Follow-up: How does posix_fadvise() allow applications to influence page cache behavior, and when would you use it?Follow-up Answer:
posix_fadvise() lets applications give hints to the kernel about their access patterns. POSIX_FADV_SEQUENTIAL tells the kernel to increase read-ahead (prefetch more pages ahead of the current read position). POSIX_FADV_RANDOM disables read-ahead, which is better for random-access patterns like database index lookups. POSIX_FADV_WILLNEED asks the kernel to prefetch the specified range into cache (asynchronous read-ahead). POSIX_FADV_DONTNEED tells the kernel that the specified range is no longer needed and can be evicted from cache. I would use DONTNEED after processing a large file in a streaming fashion (like log processing) to avoid polluting the cache with data that will never be re-read. I would use WILLNEED before a database knows it will need specific pages for an upcoming query.

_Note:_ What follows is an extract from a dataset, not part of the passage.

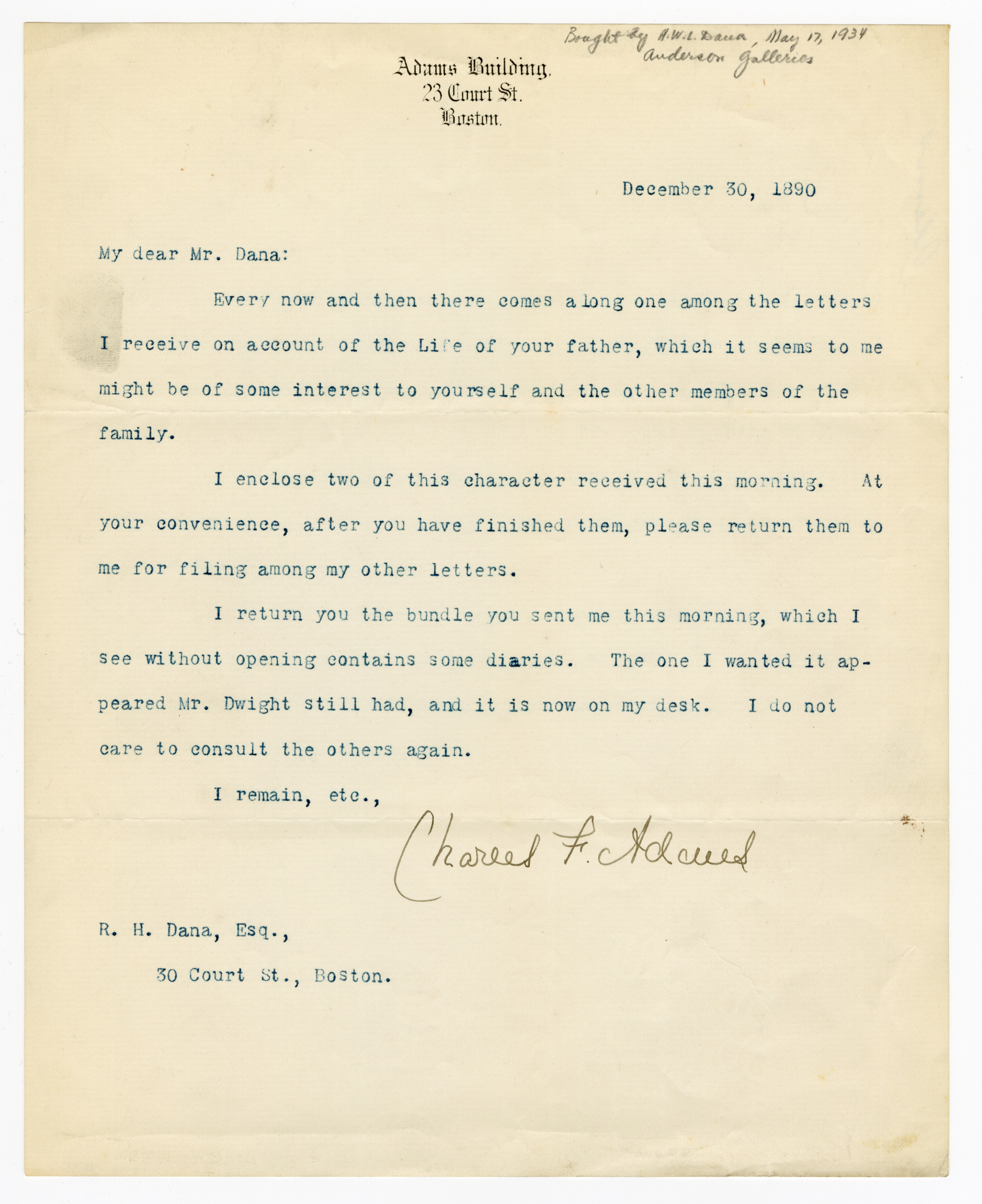 Charles Francis Adams Jr. to Richard Henry Dana III, 30 December 1890
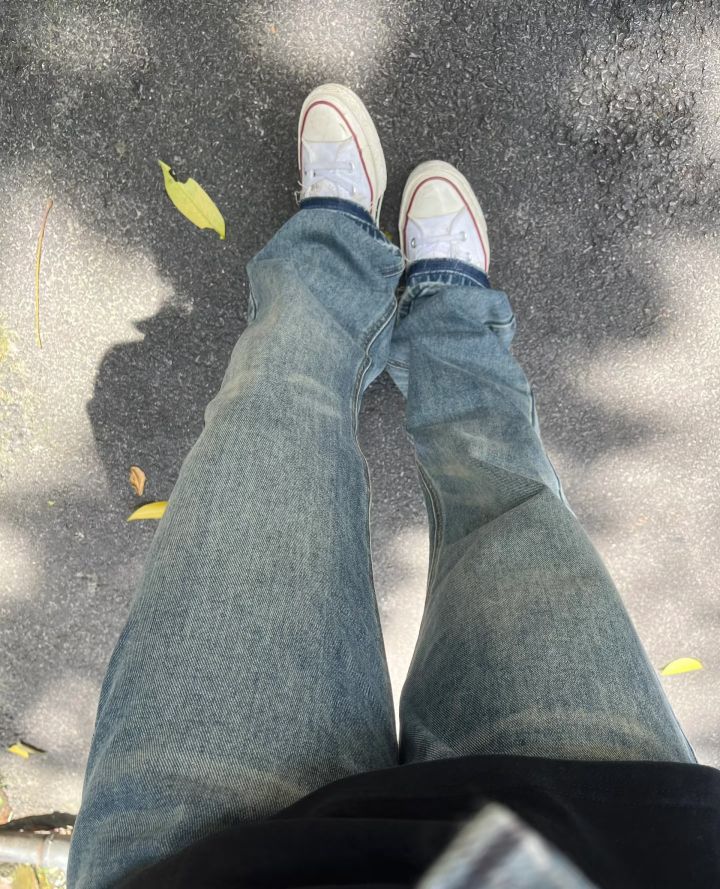 不愧是我熬夜选出来的牛仔裤!!显瘦又显腿长!!裤脚的设计氛围感拉满!搭配经典白色匡威真的太帅啦!!

Compare ext4 and XFS for a write-heavy workload with many small files. What are the internal architectural differences that affect performance?
Strong Answer:
For write-heavy workloads with many small files, XFS generally outperforms ext4 due to fundamental architectural differences in allocation and journaling.
ext4 uses a bitmap-based block allocator: it searches free space bitmaps for available blocks. For many small files, this creates contention on the bitmap locks and can lead to fragmentation as the allocator struggles to find contiguous free space among many small allocations. ext4’s journaling (jbd2) writes metadata changes to a journal before committing them to their final locations, and the journal is a single sequential log shared by all operations.

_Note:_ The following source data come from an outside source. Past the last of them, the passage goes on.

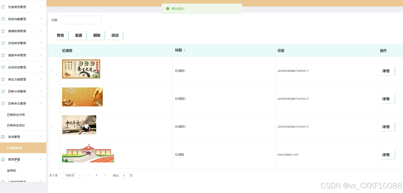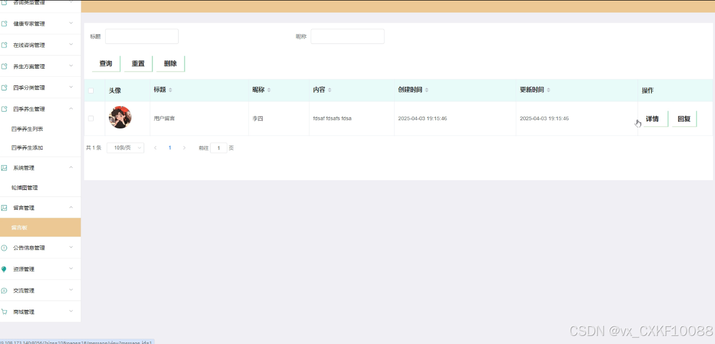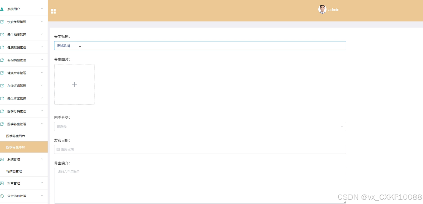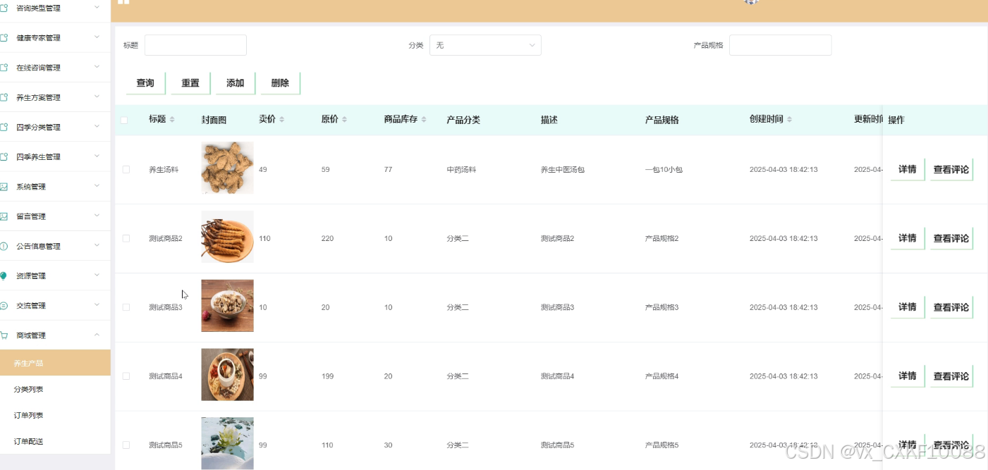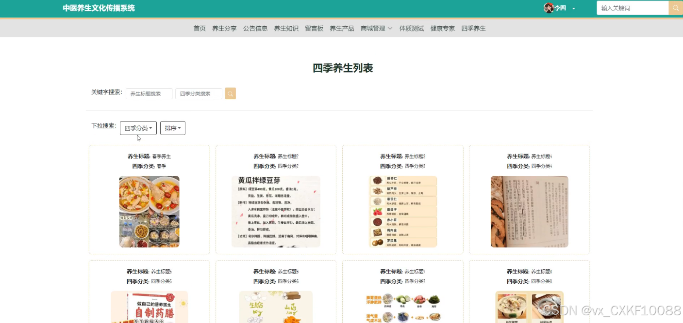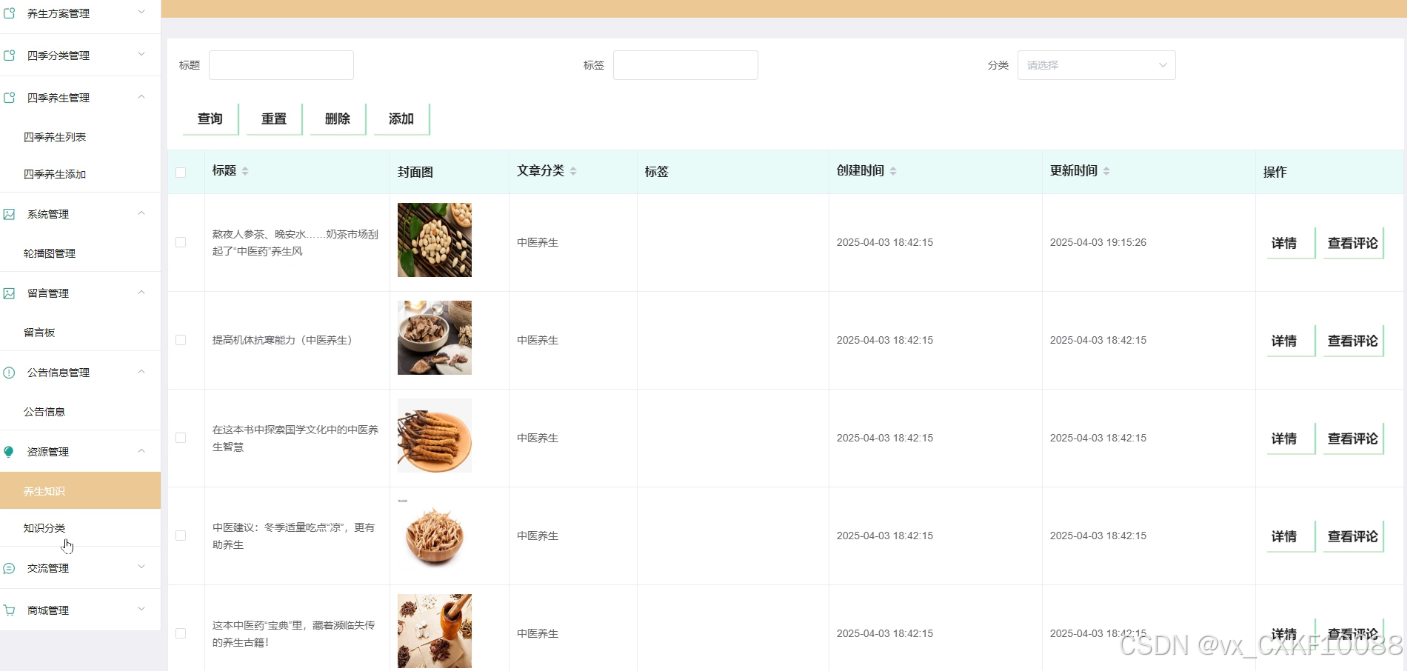 - 四季分类管理:管理员可以对四季分类进行添加、删除、查询操作,并查看四季分类的详细信息,以满足不同季节的养生需求。
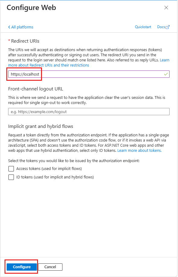 <https://localhost>. Select Configure.Return to Authentication > Add a platform, and then select Mobile and desktop applications.
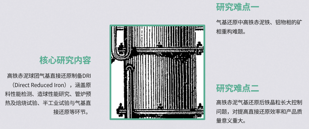 高铁赤泥在特定气氛(如CO、H2、C还原物质及适宜温度)下,通过物化反应获取还原生铁。
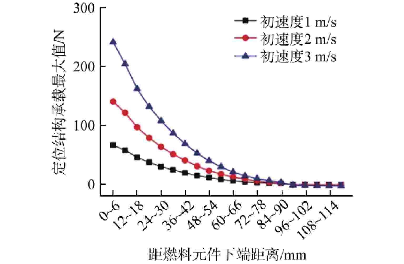 材料 密度/(kg·m−3) 弹性模量/GPa 泊松比 6061铝合金 2800 71 0.33 304不锈钢 7850 199 0.28 燃料元件材料 4240 60.5 0.33 材料 A/MPa B/MPa n m C 6061铝合金 324 114 0.42 1.34 0.002 304不锈钢 454 1962 0.75 0.69 0.173 表 3 1号燃料元件最大应力

XFS uses B+ tree-based allocation groups. The filesystem is divided into independent allocation groups (AGs), each with its own B+ trees for free space, inodes, and extents. This parallelism means multiple threads can allocate blocks in different AGs simultaneously without contending on a single lock. XFS also uses delayed allocation aggressively: it defers block allocation until writeback time, which allows the allocator to make better decisions about contiguity.

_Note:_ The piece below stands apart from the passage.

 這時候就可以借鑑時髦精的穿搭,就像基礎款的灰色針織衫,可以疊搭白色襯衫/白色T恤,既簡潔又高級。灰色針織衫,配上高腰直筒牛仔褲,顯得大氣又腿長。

For journaling, XFS uses delayed logging: metadata changes are accumulated in memory and flushed in batches, reducing journal I/O. ext4’s jbd2 commits more frequently by default (every 5 seconds).
The practical impact: on a server creating millions of small files per day, XFS’s allocation group parallelism and B+ tree-based free space tracking significantly reduce lock contention and provide more predictable latency. ext4 is better for simpler workloads and has wider tooling support (fsck is more mature).
Follow-up: How does the VFS abstraction layer allow both filesystems to coexist, and what is the performance cost of that abstraction?Follow-up Answer:
VFS defines a set of operation tables (super_operations, inode_operations, file_operations, address_space_operations) that each filesystem implements. When user space calls write(), VFS dispatches through file->f_op->write_iter() which is a function pointer set by the filesystem during open(). This is a single indirect function call overhead — roughly 1-2 nanoseconds on modern CPUs. Given that the actual I/O work takes microseconds to milliseconds, the VFS abstraction cost is negligible (less than 0.01% of total I/O time). The real benefit is enormous: applications, system calls, and kernel subsystems (page cache, memory mapping) work identically regardless of the underlying filesystem. This is why you can switch from ext4 to XFS by simply reformatting and remounting without changing any application code.